══ Information supplied

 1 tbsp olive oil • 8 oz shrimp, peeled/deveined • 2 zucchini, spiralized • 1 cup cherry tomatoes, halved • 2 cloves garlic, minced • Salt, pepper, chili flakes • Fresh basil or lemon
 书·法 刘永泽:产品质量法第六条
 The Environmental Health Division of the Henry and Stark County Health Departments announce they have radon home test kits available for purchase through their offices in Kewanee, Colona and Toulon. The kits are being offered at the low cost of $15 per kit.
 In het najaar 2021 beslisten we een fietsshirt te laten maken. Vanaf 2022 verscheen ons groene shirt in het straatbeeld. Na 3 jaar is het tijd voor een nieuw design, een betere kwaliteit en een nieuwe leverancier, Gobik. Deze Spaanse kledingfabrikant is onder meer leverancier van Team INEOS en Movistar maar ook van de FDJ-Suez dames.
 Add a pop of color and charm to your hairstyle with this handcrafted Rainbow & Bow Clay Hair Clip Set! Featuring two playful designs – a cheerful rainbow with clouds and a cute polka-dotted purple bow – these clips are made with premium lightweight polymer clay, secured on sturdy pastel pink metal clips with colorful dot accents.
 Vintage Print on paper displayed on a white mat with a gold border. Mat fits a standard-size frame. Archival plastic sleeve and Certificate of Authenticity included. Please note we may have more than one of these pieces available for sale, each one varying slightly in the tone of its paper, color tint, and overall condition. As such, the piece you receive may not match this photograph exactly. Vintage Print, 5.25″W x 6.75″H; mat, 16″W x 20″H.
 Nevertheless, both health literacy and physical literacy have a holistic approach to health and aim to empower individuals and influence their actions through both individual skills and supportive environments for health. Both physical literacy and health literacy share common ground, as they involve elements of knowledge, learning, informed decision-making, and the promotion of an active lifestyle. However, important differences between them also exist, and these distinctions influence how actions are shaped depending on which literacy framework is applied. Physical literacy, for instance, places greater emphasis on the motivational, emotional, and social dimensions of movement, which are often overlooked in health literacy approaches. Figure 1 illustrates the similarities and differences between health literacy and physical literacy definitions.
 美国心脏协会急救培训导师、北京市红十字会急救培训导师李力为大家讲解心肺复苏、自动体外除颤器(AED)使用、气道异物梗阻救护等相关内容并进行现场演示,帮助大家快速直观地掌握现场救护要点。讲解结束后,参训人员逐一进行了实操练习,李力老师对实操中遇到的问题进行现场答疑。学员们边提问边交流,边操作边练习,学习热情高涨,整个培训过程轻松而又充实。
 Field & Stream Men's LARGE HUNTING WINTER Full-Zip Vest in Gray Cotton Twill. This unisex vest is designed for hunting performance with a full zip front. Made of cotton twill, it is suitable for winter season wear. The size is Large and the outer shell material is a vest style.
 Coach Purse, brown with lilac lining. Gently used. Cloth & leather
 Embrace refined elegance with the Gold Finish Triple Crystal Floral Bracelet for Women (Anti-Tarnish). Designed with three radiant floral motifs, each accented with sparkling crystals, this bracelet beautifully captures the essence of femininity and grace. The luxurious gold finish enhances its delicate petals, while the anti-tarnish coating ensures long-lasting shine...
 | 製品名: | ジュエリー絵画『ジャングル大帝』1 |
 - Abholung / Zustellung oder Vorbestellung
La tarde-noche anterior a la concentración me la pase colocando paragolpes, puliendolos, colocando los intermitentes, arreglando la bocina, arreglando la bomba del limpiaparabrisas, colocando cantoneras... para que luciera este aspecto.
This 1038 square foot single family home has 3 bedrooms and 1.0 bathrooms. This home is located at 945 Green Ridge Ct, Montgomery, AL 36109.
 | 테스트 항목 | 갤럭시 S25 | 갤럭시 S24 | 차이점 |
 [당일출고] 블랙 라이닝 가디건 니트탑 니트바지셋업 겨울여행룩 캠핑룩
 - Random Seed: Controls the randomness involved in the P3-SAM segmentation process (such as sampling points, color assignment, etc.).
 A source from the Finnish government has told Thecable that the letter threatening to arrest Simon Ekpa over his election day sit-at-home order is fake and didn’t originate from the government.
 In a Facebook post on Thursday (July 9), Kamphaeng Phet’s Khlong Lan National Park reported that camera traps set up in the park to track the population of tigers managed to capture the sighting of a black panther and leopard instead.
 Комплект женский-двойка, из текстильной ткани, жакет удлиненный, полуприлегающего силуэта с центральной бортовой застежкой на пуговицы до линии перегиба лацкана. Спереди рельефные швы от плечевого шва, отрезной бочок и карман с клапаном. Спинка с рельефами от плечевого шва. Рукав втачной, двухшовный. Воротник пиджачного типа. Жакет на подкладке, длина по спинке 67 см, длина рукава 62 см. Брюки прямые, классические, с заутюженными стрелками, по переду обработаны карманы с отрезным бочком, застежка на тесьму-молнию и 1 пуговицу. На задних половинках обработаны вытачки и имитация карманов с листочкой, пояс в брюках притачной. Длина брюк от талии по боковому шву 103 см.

════

§ **Action item**: From the entries, copy every line in which the string "each" can be found.

§ **Expected answer**:
 Vintage Print on paper displayed on a white mat with a gold border. Mat fits a standard-size frame. Archival plastic sleeve and Certificate of Authenticity included. Please note we may have more than one of these pieces available for sale, each one varying slightly in the tone of its paper, color tint, and overall condition. As such, the piece you receive may not match this photograph exactly. Vintage Print, 5.25″W x 6.75″H; mat, 16″W x 20″H.
 Embrace refined elegance with the Gold Finish Triple Crystal Floral Bracelet for Women (Anti-Tarnish). Designed with three radiant floral motifs, each accented with sparkling crystals, this bracelet beautifully captures the essence of femininity and grace. The luxurious gold finish enhances its delicate petals, while the anti-tarnish coating ensures long-lasting shine...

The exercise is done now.